Their stress can be physically paralyzing: My parents’ immigrant friends would routinely get bouts of diarrhea before appointments with German doctors or bureaucrats. Some still break out in sweat, stutter, and get high blood pressure 15 years after the move. In this context, any uni-directional integrationist language policy looks isolating. This is not to say that migrants shouldn’t learn the hosts’ language(s) but rather that it takes two to tango—cue Samsung. Basically, an integrated community, whatever its size, should function like a decent integrated school.
This brings me to the video’s second paradigm flip, connected to the simple question: Why learn languages? The past year’s Anglophone headlines have spewed a host of reasons with a neo-liberal, individualist slant. Language learning has become the latest wellness fad. Chinese, Arabic, or Spanish, we hear, are good for brain development and memory, math skills, careers, national GDPs, labor markets, and economies. When I poll my college-level language students about their motivations, at the most they add interactions with close family members or significant others to the list. In short, many have already been seduced by the system that offers no room for learning a language for entirely unselfish reasons.
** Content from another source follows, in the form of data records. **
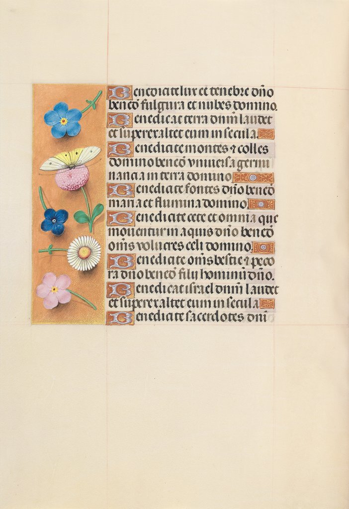 Hours of Queen Isabella the Catholic, Queen of Spain: Fol. 119v, c. 1500. This manuscript was illuminated by a circle of at least five highly organized manuscript painters active in the Flemish cities of Ghent and Bruges. The principal illuminator was Alexander Bening, who painted the majority of the book's miniatures. Manuscripts produced by this circle of artists are renowned for the decoration of their borders, which typically feature a rich variety of realistically-painted flowers, birds, and butterflies. This prayer book, called a book of hours, was intended not for a cleric, but for the private devotions of a lay person-in this case, Isabella the Catholic, Queen of Spain (1451-1504). Isabella's coat of arms embellishes the book's frontispiece. It is unlikely that the book was commissioned by the Queen herself; rather, she probably received it as a diplomatic gift from someone courting her patronage, perhaps Cardinal Francisco Jimenez de Cisneros. A Franciscan friar, Jimenez was dependent upon Isabella for his advancement, first to the post of Queen's confessor in 1492, and then to Archbishop of Toledo in 1495.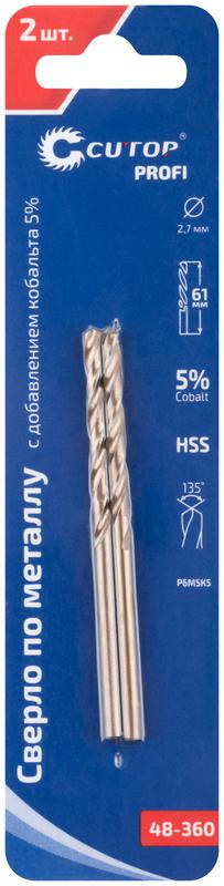 Набор сверл по металлу Profi 2.7х61мм с кобальтом 5проц. (уп.2шт) Cutop 48-360
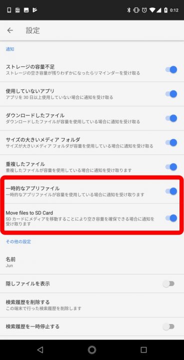“一時的なアプリファイル” は、一時的なアプリファイルがストレージを使用しているときに知らせてくれる通知機能です。“Move files to SD Card” は、SD カードにファイルを移動することで容量を確保できる場合に知らせてくれる通知機能です。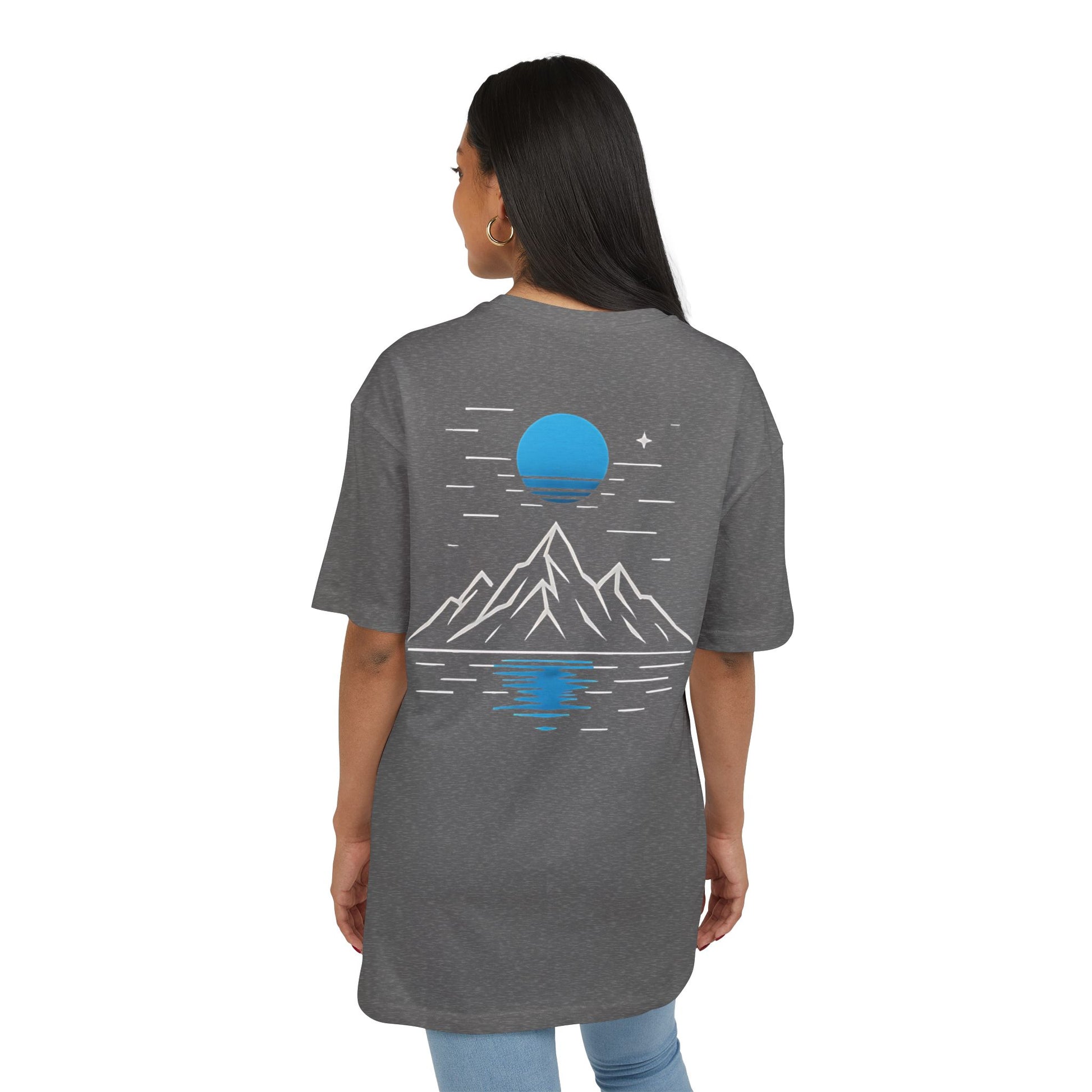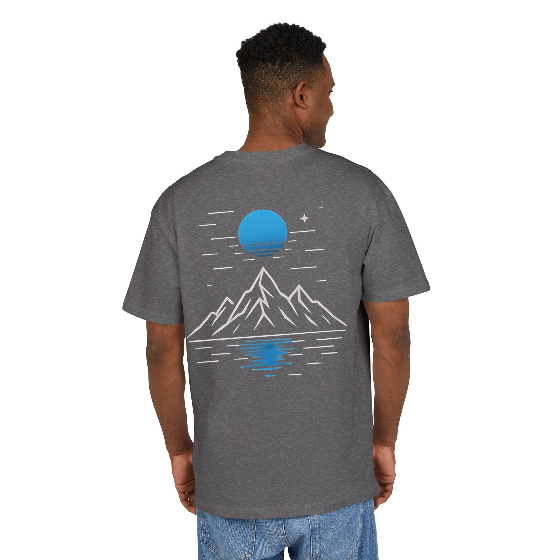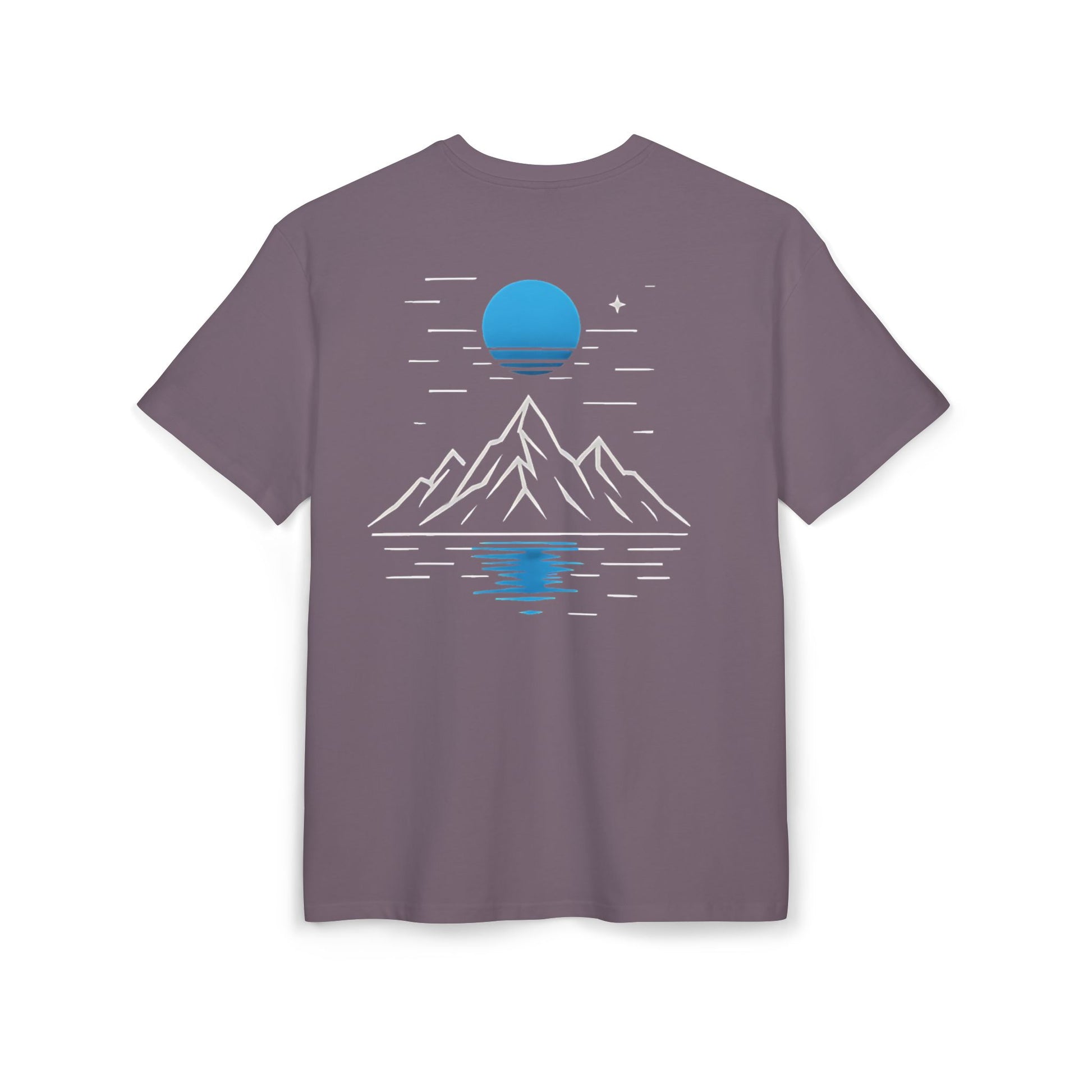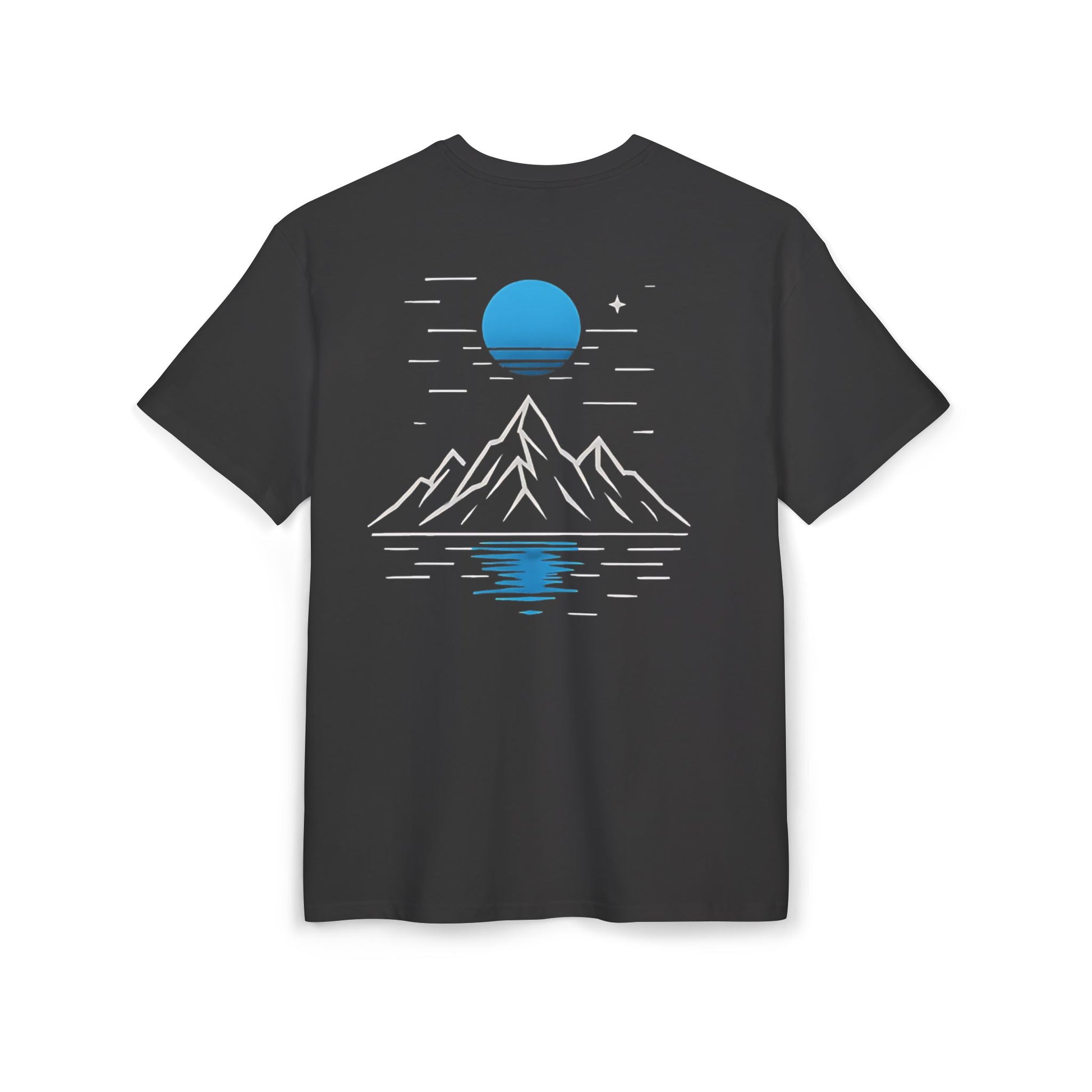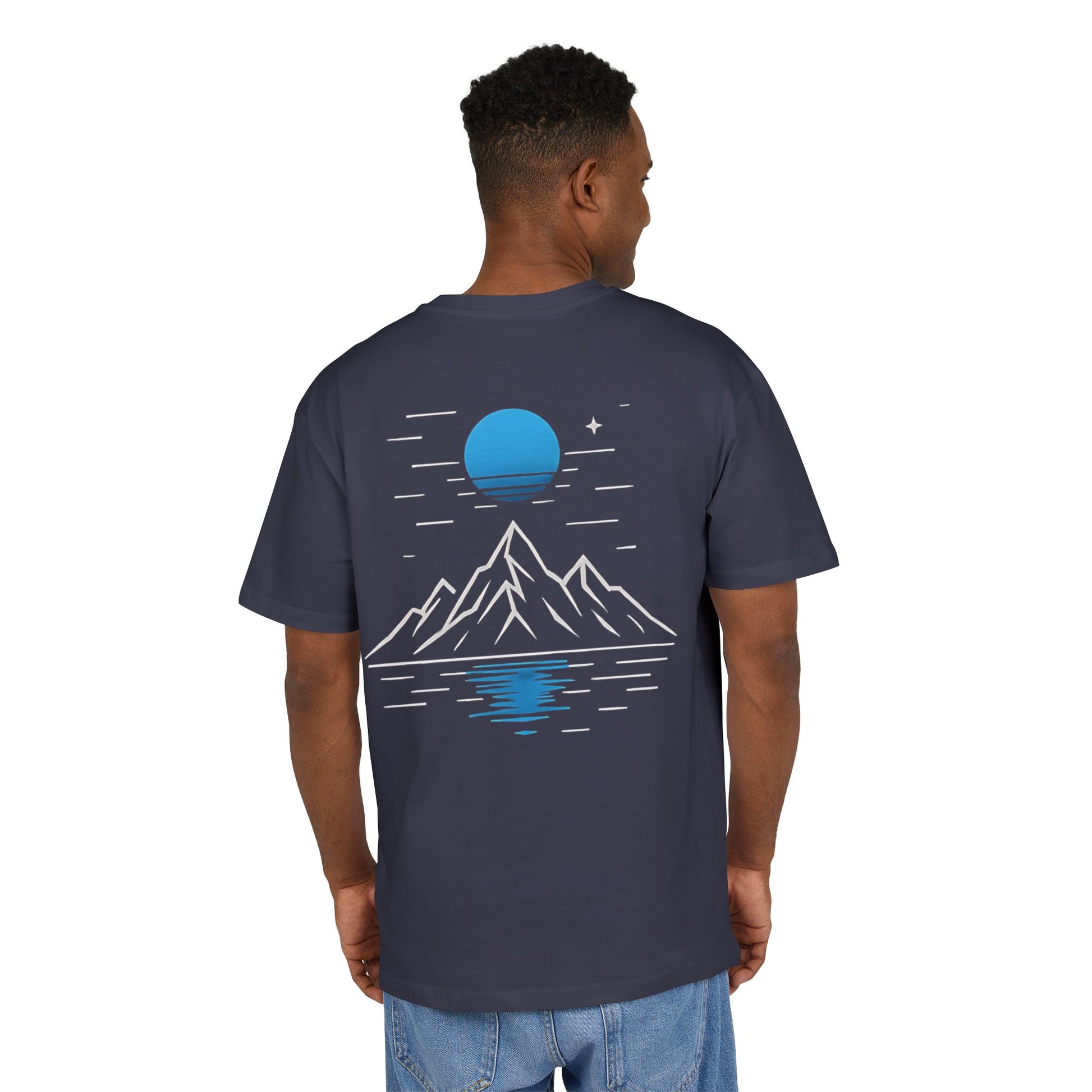 Berg T-Shirt (Rückenprint) – Minimalistisches Natur Design mit Mond & Spiegelung – Unisex Outdoor Shirt für Wanderer & Naturfreunde

Isn’t it deeply ironic that it takes a corporate commercial to hint at an alternative?
It seemed to inspire a few viewers. “I asked myself how come we don’t learn [sign] ‘language’ at school. It’s time to change that,” one commented on YouTube. And it is changing. A month ago, New Jersey Senate passed bill S1760, meant to recognize American Sign Language as a foreign language sufficient to fulfill the state’s high school graduation requirement. The bill is now at the Assembly Higher Education Committee. If the reaction to Muharrem’s tears is any indication, the law ought to be eagerly anticipated. Instead, ambivalence prevails.
On the one hand, there is no lack of lobbyists for the change: ASL, according to the latest Modern Language Association report, has the fastest-growing enrollments. “I think it’d be a lot more useful than the French I took,” a reader of an NJ.com article writes. Several mothers of dyslexic children second that.
On the other hand, many endorsements come with a cynical edge: “If you’re going to force kids to learn a foreign language, this option has some good benefits,” another commenter adds. The second chimes in: “Frankly, more widespread use of ASL could have some benefits; the first that comes to mind is less noise. 🙂 I imagine there may be others.” “Excellent idea … as long as it is an elective, not a requirement,” suggests the third. Several oppose: “A foreign language should not be a requirement to begin with.” In short, discussions of ASL get bogged down in the same quagmire of objections as those of any other language. Because it is just another language. And because people don’t see a use for it beyond the neo-liberal wellness-career mantra.
But there is a use. Over the past 15 years, language professionals have been obsessing with the so-called “5 C’s,” the cornerstones of language learning: communication, culture, connections, comparisons, and communities. Is it an accident that communities (“learners use the language both within and beyond the classroom to interact and collaborate in their community and the globalized world”) is the last item on the list? “The lost C” has been the despairing educators’ shorthand for them. It’s time to go find it.
Then, with Muharrem’s tears in mind, #learnalanguageforaneighbor? So that corporations like Samsung don’t come off more human than people.